Both existence and a lack thereof are a part of the one same entity.

This entity mirrors itself infinitely both in "space" and in "time".

It mirrors itself in "time" by alternating between the states of existence and
a lack thereof.

It mirrors itself in "space" exponentially by necessarily drawing a border
around itself because the very existence of both existence and a lack thereof
must give rise to a lack of existence and a lack thereof, if and only if it is
to adhere to its own rule, to which it must by its own definition, which
itself must exist by definition in the first paragraph.

This process of progressively expanding the "borders" of existence continues
ad infinitum and gives rise to what we know as reality.

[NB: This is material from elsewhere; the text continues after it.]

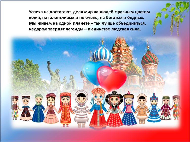 — Россия — большая и красивая страна. В ней живут люди разных национальностей: русские, татары, чеченцы, буряты, чуваши и многие другие. Все они — одна большая семья, потому что у них одна Родина.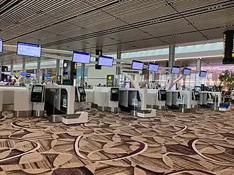 | Terminal 3: Concourse A & B Air New Zealand, Aircalin, Asiana Airlines, Batik Air, Batik Air Malaysia, Biman Bangladesh Airlines, China Airlines, China Eastern Airlines, Citilink, Drukair, Etihad Airways, EVA Air, Garuda Indonesia, Gulf Air, Myanmar National Airlines, Saudia, SriLankan Airlines, Thai Lion Air, T'way Air, US-Bangla Airlines, Vietnam Airlines, and Singapore Airlines flights to destinations not listed under T2 |

As depicted in the following moving picture:
<http://www.youtube.com/watch?v=RH45ffITujI>

------
ninjaa
It's asking myself your question that drives me. I do whatever I do because I
_believe_ (taken on faith) that it gives my existence meaning, and that
ultimately, by doing enough of what I do, I hope to glean some insight into
why I exist.

I dislike doing anything based solely on faith, but in this case I regard my
"belief" as certain as my "belief" in mathematics describing the truth, i.e. I
consider both pretty much absolute.

Here's a related commentary I found helpful, 2nd para lists (in a relatively
archaic style, you have to parse it a bunch of times - 3 different religious
answers to a similar existential question):
[http://www.hinduwebsite.com/divinelife/auro/auro_fateandfree...](http://www.hinduwebsite.com/divinelife/auro/auro_fateandfreewilll.asp)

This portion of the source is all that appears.